Bei jungen Typ-1-Diabetikerinnen treten Essstörungen in Form von Bulimie und Binge Eating zwei- bis dreimal häufiger auf als bei gesunden Frauen — mit weitreichenden Folgen für die Gesundheit der Patientinnen.
MMW: Wie erklärt man sich die übermäßige Häufigkeit von Essstörungen bei jungen Typ-1-Diabetikerinnen? Diese Patientengruppe wird doch im Hinblick auf Ernährung besonders geschult …
Neu: Richtig, diese intensive Schulung bedeutet aber auch eine enorme Beschäftigung mit dem Inhalt und der Menge des Essens. Dadurch geht eine gewisse Selbstverständlichkeit für das Essen verloren. Es wird nach objektiven Gütekriterien beurteilt und nicht nach Lust- und Hungergefühl, wie wir es normalerweise tun. So kommt immer eine Bewertung dazu, die derjenige, der keinen Diabetes hat und nicht so gut geschult ist, nicht vornimmt.
Zudem ist das Risiko für psychische Komorbiditäten bei chronisch Kranken erhöht. Eine chronische Erkrankung bedeutet ja eine zusätzliche, nicht endende Lebensaufgabe. Dass das eine Belastung ist, liegt nahe. Auch die Wirkung des Insulins spielt eine gewisse Rolle. Bei Diabetesmanifestation, also noch vor Diagnosestellung und Einleitung der Insulintherapie, nehmen die Patienten zunächst deutlich an Gewicht ab. Wenn sie dann Insulin spritzen, legen sie schon unmittelbar nach Therapiebeginn deutlich zu. Das heißt, die Wirkung des Insulins auf das Körpergewicht wird sehr früh im Krankheitsverlauf wahrgenommen und führt auch dazu, dass man vielleicht damit jongliert.

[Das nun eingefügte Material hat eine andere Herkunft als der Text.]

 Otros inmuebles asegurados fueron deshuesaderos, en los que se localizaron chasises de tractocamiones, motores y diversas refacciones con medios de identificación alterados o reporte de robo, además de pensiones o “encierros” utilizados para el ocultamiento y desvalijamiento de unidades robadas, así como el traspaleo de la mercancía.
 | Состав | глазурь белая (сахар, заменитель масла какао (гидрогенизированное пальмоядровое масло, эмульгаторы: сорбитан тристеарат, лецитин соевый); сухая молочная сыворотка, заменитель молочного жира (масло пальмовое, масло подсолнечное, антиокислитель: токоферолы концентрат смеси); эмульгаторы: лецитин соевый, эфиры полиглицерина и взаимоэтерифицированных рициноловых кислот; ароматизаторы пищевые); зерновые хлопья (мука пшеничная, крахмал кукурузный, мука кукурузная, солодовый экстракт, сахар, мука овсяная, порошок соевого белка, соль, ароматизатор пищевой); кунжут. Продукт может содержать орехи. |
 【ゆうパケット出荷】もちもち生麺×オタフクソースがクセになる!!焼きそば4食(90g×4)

MMW: Manche Patientinnen versuchen tatsächlich abzunehmen, indem sie immer wieder auf Insulindosen verzichten. Welche Folgen hat das?

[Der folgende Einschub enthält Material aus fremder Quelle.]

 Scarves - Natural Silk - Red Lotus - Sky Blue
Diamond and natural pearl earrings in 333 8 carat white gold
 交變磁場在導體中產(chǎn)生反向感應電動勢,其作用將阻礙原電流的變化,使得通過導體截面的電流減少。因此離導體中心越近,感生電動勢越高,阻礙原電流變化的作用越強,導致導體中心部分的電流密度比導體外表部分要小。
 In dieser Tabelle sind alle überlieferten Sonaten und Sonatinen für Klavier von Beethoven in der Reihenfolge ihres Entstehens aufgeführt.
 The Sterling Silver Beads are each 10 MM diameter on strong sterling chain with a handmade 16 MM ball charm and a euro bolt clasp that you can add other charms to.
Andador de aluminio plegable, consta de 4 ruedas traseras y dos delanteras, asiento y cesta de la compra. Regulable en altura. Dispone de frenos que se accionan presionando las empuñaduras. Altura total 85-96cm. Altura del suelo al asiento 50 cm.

Neu: Sie sprechen das sogenannte Insulin-Purging an, also das heimliche Weglassen von Insulin mit der Intention einer Gewichtsreduktion. Das hat natürlich ziemlich fatale Folgen, wenn die Insulindosis nicht in der Menge gespritzt wird, in der sie benötigt wird, um eine normnahe glykämische Stoffwechsellage zu erreichen. Daraus entstehen sowohl Akutdekompensationen als auch Langzeitschäden. Selbst kurze Phasen in denen die mittlere Blutglukose erhöht ist, schaden den Gefäßen.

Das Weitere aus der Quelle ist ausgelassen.